The Role of Proteomics in Bacterial Response to Antibiotics

Abstract

For many years, we have tried to use antibiotics to eliminate the persistence of pathogenic bacteria. However, these infectious agents can recover from antibiotic challenges through various mechanisms, including drug resistance and antibiotic tolerance, and continue to pose a global threat to human health. To design more efficient treatments against bacterial infections, detailed knowledge about the bacterial response to the commonly used antibiotics is required. Proteomics is a well-suited and powerful tool to study molecular response to antimicrobial compounds. Bacterial response profiling from system-level investigations could increase our understanding of bacterial adaptation, the mechanisms behind antibiotic resistance and tolerance development. In this review, we aim to provide an overview of bacterial response to the most common antibiotics with a focus on the identification of dynamic proteome responses, and through published studies, to elucidate the formation mechanism of resistant and tolerant bacterial phenotypes.
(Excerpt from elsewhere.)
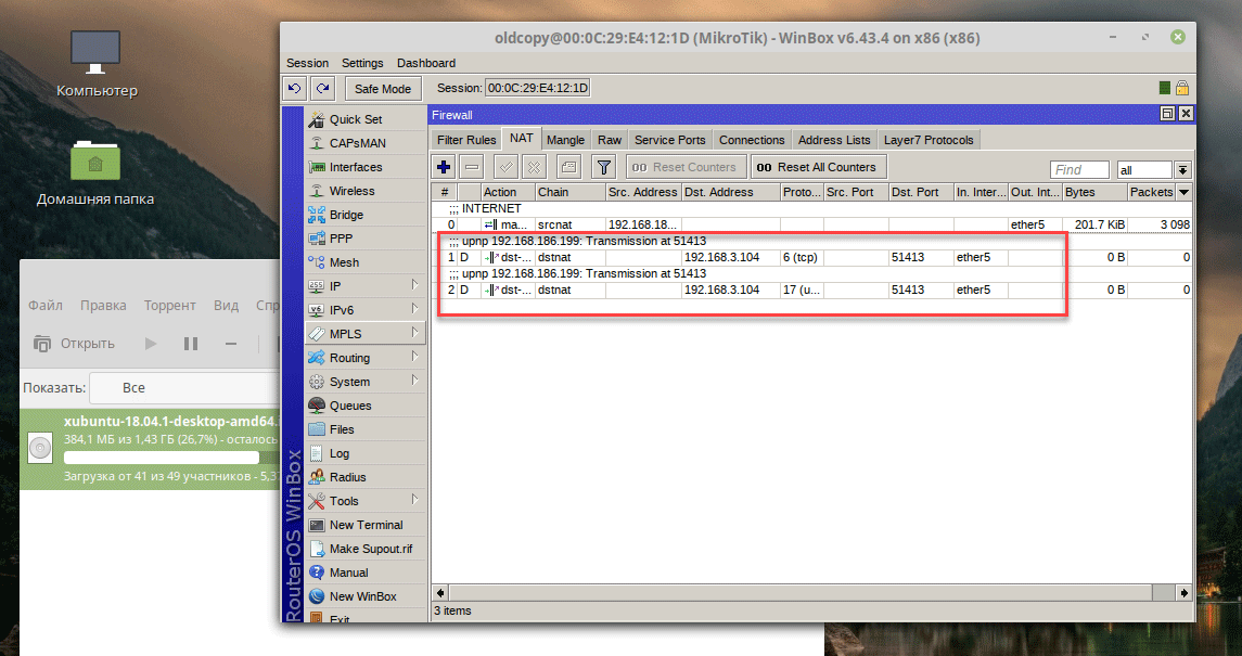 Теперь если мы запустим на клиенте торрент, то в IP - Firewall - NAT созданные автоматически правила для проброса портов, если же закрыть торрент-клиент, то данные правила исчезнут. Это удобно и безопасно, а также позволяет полноценно использовать современные сетевые приложения.
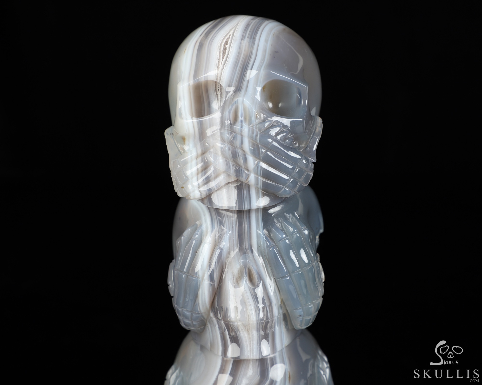 3.0" Banded Agate Hand Carved Crystal Skull, Super Realistic, Crystal Healing

Keywords: antibiotic resistance; antibiotic tolerance; antibiotics; multi-drug resistant bacteria; pathogens; proteomics.

Figure 1

Overview of the common antibiotic resistance mechanism in bacteria. Molecular mechanisms of antibiotic resistance that includes target modification, drug inactivation, decreased affinity to lipopolysaccharides (LPS) and penicillin binding protein (PBP), and expression of porins and efflux pumps are shown.

Figure 2

Chemical structure of conserved ring structure in β-lactam antibiotics and side-chain functionalities (R₁ and R₂) of three β-lactam antibiotics, ampicillin, oxacillin, and meropenem. Dashed lines represent the connecting bonds to the β-lactam ring (red).

Figure 3

The chemical structures of three aminoglycoside compound. r tobramycin, kanamycin, and gentamicin are shown. All three compounds chare similar ring number 1 indicated across the structures.

Figure 4

The chemical structure of two antibiotics, azithromycin, and erythromycin that belong to the macrolide class are shown. Conserved ring structures of sugars 1 and 2 (red) and varied lactone ring are shown.

Figure 5

Chemical structures of three clinically used quinolone antibiotics is shown.

Figure 6

Chemical structures of cyclic lipopeptides, polymyxin (B₁ and B₂), colistin (A and B), and daptomycin, are shown. R=CH₃ is polymyxin B1 and R=H is polymyxin B2. Similarly, for colistin, R=CH₃ is colistin A and R=H is colistin B. The ring in daptomycin consist of 10 varied amino acids and the tail contains different amino acid composition along with longer carbon chain (10 carbons).